Frequent vinyl chloride incidents challenge industry safety claims

A new report finds that vinyl chloride accidents occur regularly, challenging industry assertions that the chemical is safe.

-- Kiley Bense reports for Inside Climate News.


In short:

  • The report by Beyond Plastics and Earthjustice reveals accidents with the carcinogenic chemical vinyl chloride average once every five days since 2010, contradicting industry safety assurances.
  • It compiles data from various sources, showing widespread environmental and health impacts from these incidents.
  • The findings call into question the vinyl chloride industry's own data and safety claims as the Environmental Protection Agency reviews risks associated with the chemical under the Toxic Substances Control Act.

Key quote:

"Nine hundred and sixty-six incidents since 2010 is incredible to me."

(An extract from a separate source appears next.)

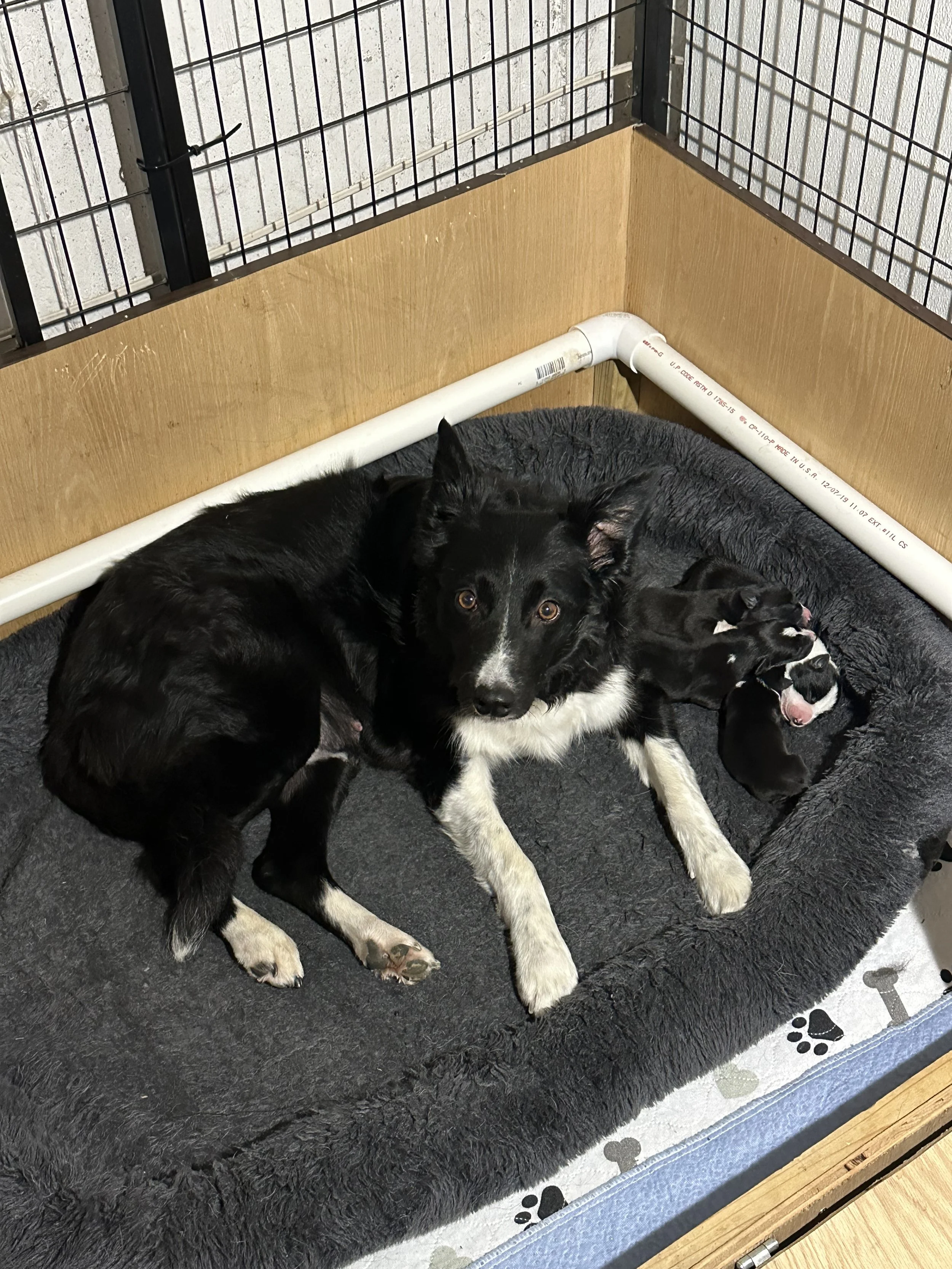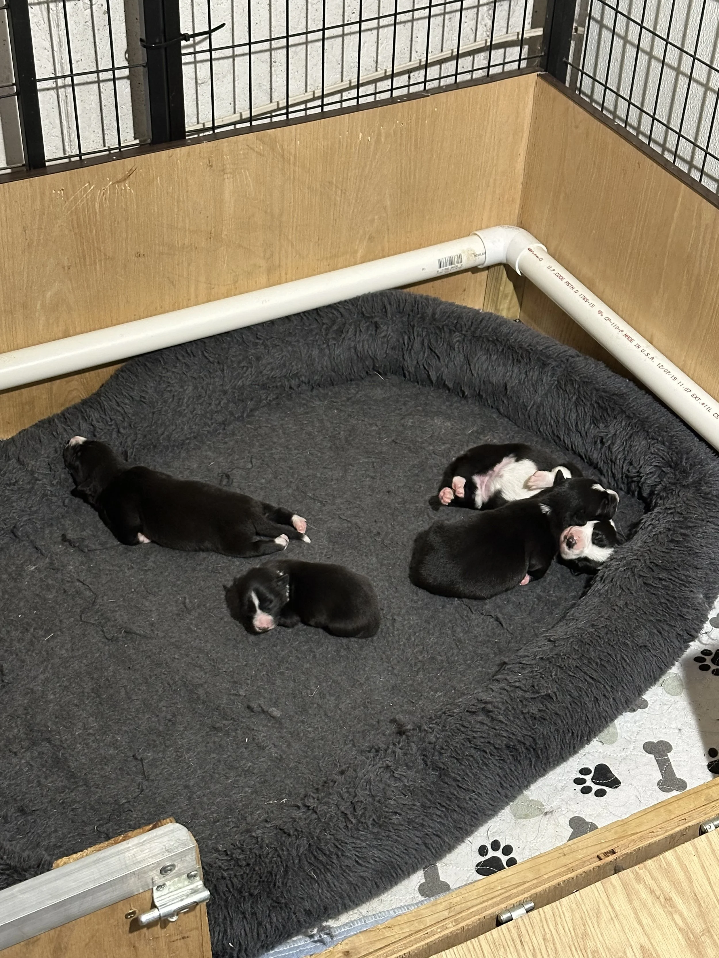 This is our second litter of pups arrived at Irish Woods Farm on June 5, 2025. Fly and Bran produced 4 beautiful puppies. 3 girls and 1 boy. Gwen, Lyn, Scout and Stuart. Puppies are now 5 months old and will start going to sheep soon!

— Jim Vallette, president of Material Research L3C, which produced the new report.

Why this matters:

Vinyl chloride is used to make polyvinyl chloride (PVC), a ubiquitous, durable plastic found in everything from water pipes to flooring to clothing and construction materials.

The new report finds that billions of pounds of vinyl chloride are transported by rail and ship each year. Risks associated with the transport of vinyl chloride came into sharp focus in February 2023 following the Norfolk Southern train derailment in East Palestine, Ohio. The chemical spill and burning of toxic cargo was followed by a host of health problems among exposed residents and demands for better testing, safety regulations and industry accountability.